Despite loss and sorrow, there are moments of great joy in the story, as Robison recalls teaching his mother to drive a standard transmission car, finding friendship and discovering pieces of himself.

In the discussion at SUNY Adirondack, Robison will discuss why writers write. “I plan to talk about vulnerability, practicing and reading writing that you like and that you don’t like so you understand why you like what you do,” he said. “If you want to be a writer, understand why, what it means to you and your development.”

Robison will have copies of “The Boy from Nowhere” available for purchase at the event.
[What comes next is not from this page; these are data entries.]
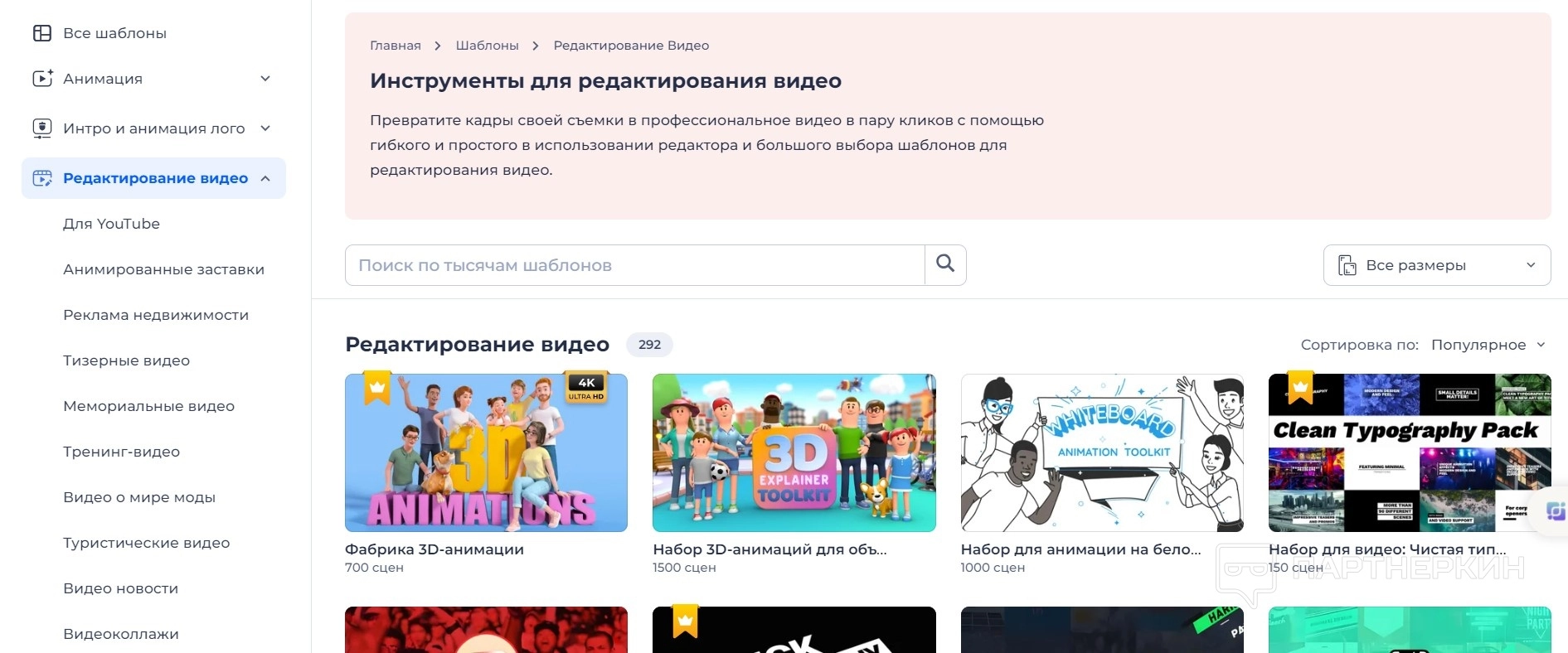 - Шаблоны видеорекламы. Помогают компаниям повысить популярность своих брендов и расширить охват аудитории. Они предназначены для создания ярких и эффективных маркетинговых кампаний. Пользователи могут легко адаптировать шаблоны под свои потребности, добавляя уникальный контент и стилизируя видео под свой бренд.
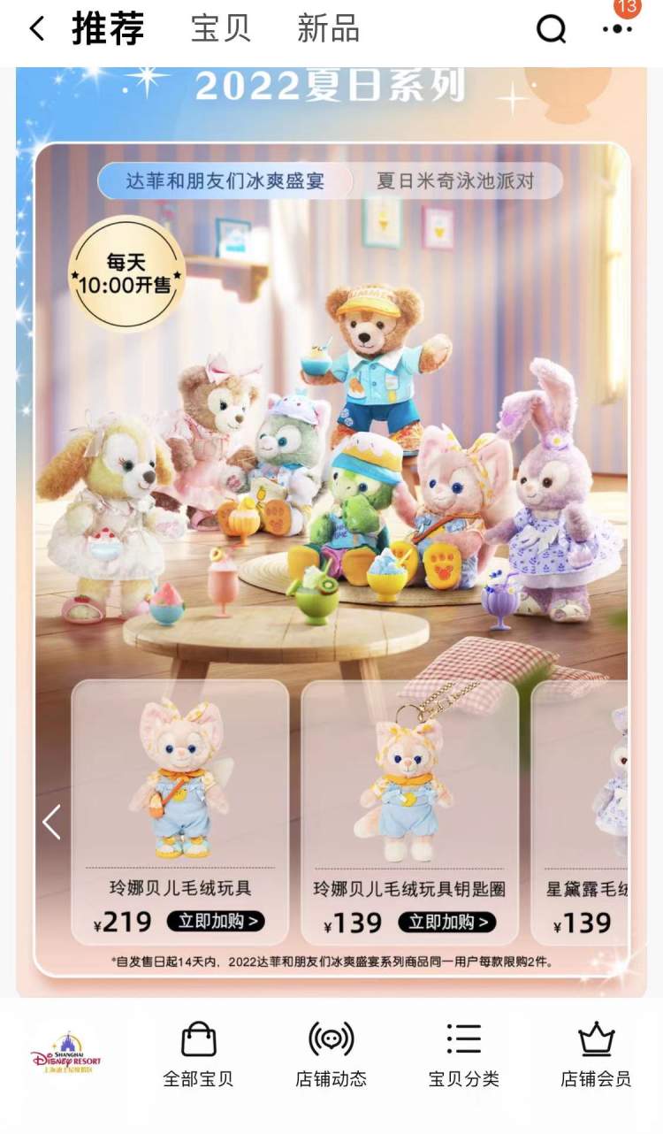 上海迪士尼乐园天猫官方旗舰店于今年8月10日起试运营,商品从最初仅几款开始不断丰富,店铺粉丝数目前已突破10万。此次“2022达菲和朋友们冰爽盛宴”系列商品是从昨天上午10点正式开售的。
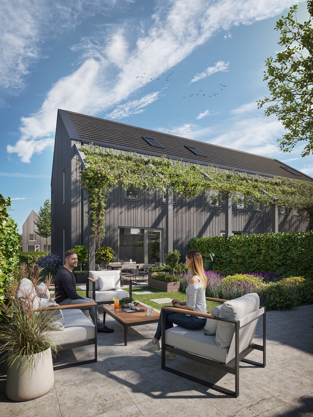 De tuingerichte woonkamer sluit mooi aan op de zonnige achtertuin op het zuiden, waar je van ’s ochtends tot ’s avonds van de zon geniet. Bij enkele woningen (bouwnummer 18, 19, 25 t/m 27) zorgt een robuuste houten pergola voor extra sfeer en een beschutte plek voor heerlijke zomeravonden.
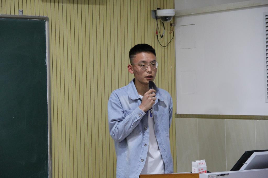 大会在ppt播放中拉开了序幕,大会第一项由社长吴桐对他任期内的工作向挂靠单位及指导老师作了述职报告。
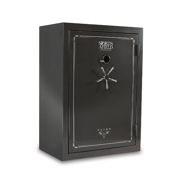 The Sports Afield Haven 48-Gun Fire/Waterproof Gun Safe is intelligently designed to keep your firearms and valuables away from theft, fire, and natural flood. Our Triple Seal fire, water, and smoke protection combined with a full-seam Uni-Weld body construction, ten 1.5 in. solid steel locking bolts, pre-drilled bottom bolt-down holes, and electronic lock create a fortified barrier for protection. The illuminated electronic lock features Print Guard technology which cleverly disguises your passcode. Print Guard technology generates a random 2-digit sequence prior to you entering your passcode to ensure a random pattern of fingerprints across the lock face to deter pattern-guessing thieves. The convertible interior is fully carpeted with bright interior lighting, adjustable/removable top shelf and side shelves, and a premium pocket door organizer. This long gun safe has 48 barrel rest positions and 8 handgun holsters. Backed by our industry's best-in-class Lifetime Warranty that covers your entire long gun safe against theft, fire, natural flood, and defective locks, parts, and paint with free shipping on replacement safes and locksmith services if you ever get locked out.

All Writers Project events are free and open to the public. The events are held at 12:40 p.m. in the Visual Arts Gallery on SUNY Adirondack’s Queensbury campus. The series continues with:

  • Oct. 27: Photographer MaryEllen Hendricks shares images from her “The Thin Places” project. Retired SUNY Adirondack Distinguished Professor of English Kathleen McCoy will discuss her poems inspired by the project.
  • Nov. 10: Glens Falls-based playwright and musician Neal Herr will talk about the arts industry, grant funding and his musical “Drag Queen Story Hour: The Musical.”
  • Nov. 24: Educator and writer Kathy Fish shares insights on “flash” fiction.
  • Dec. 8: Novelist Wendy Chin-Tanner reads from her award-winning novel, “King of the Armadillos,” an imagined retelling of her father’s 1950s struggle with leprosy.